Map tokenization and posterior to smaller substrings

Dear community,

My objective is to have sequences of 1024 tokens ready to GPT-2. As input data, I have DNA sequences of 2E5 length, and I have built a BPE tokenizer using this data.

I am trying to build a function which concatenates:

  1. Tokenize the full sequences (2E5 max_length)
  2. Chunk data into 1024 sequence length and enlarge the number of rows of my Huggingface Dataset

For now I am trying to use this function, and map it posterior to the Dataset:

def tokenize_and_chunk(examples):
    chunks = []
    tokenized_inputs = fast_tokenizer(
        examples['text'],
        max_length=200000,
        truncation=True
    )

    for sentence in examples['text']:
        chunks += [sentence[i:i + 1024] for i in range(0, len(sentence), 1024)]

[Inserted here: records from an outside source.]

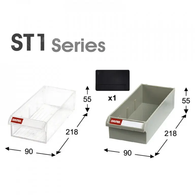 Jednotlivé plne priehladné plastové boxy majú rozmer (š x v x h) 90 x 55 x 218 mm, objemu 1 l a maximálnou nosnosťou 5 kg.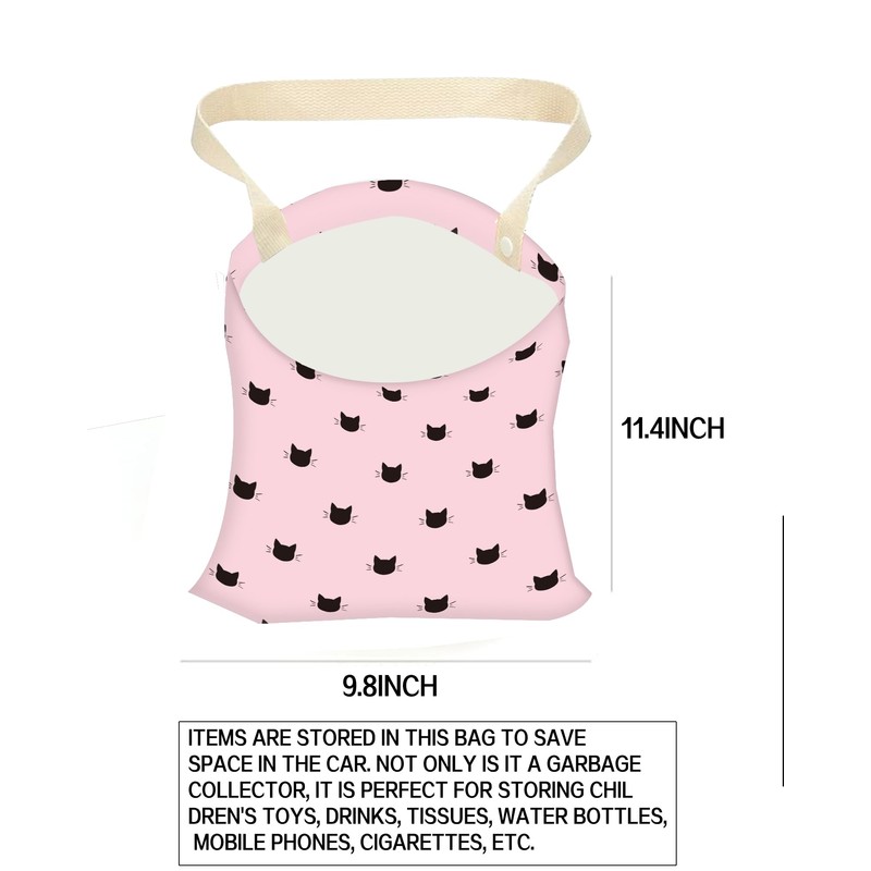 ANKVRP Car Garbage Can, Car Trash Bag, Car Garbage Bag, Hanging Car Trash Can for Car Accessories, Vehicle, Travelling, Camping, Cute Car Back Seat Organizer, Pink Cats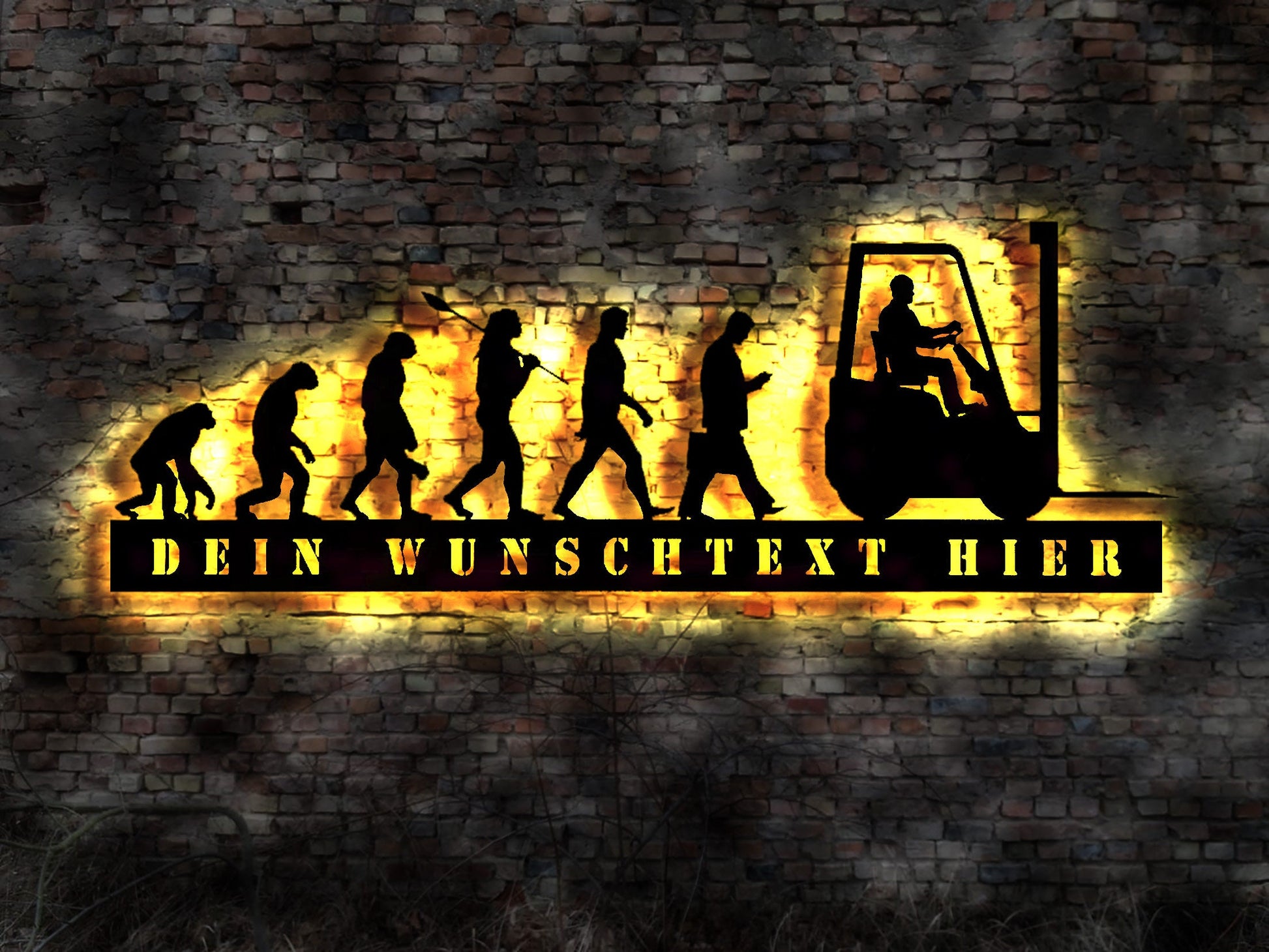 Gabelstapler Evolution Leuchtschild LED Wandbild Stapler Staplerschein Gabelstaplerfahrer Fahrer
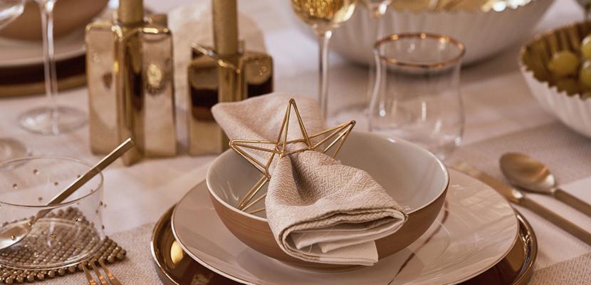 Quizá poner una decoración completamente en color dorado es arriegado y podría no resultar muy elegante, por eso lo mejor es añadir blanco de base para crear el contraste sofisticado y justo. Descubre todos sus complementos como velas con motivos navideños, servilleteros en forma de estrellas y juegos de café y teteras en forma de calabaza, copas con su toque dorado, igual que la vajilla…

    return {"chunks": chunks} 

chunked_data = dna_data.map(tokenize_and_chunk, remove_columns=dna_data.column_names)

The problem is that I receive a list of lists just like this:
[[‘C’,
‘C’,
‘A’,
‘G’,
…,
],…,]

where this list is a list where for each example I have a inner-list with length of 91170 chars.

I can’t figure out how should I correctly map this function. Does someone have an idea of which should be the best practice for this?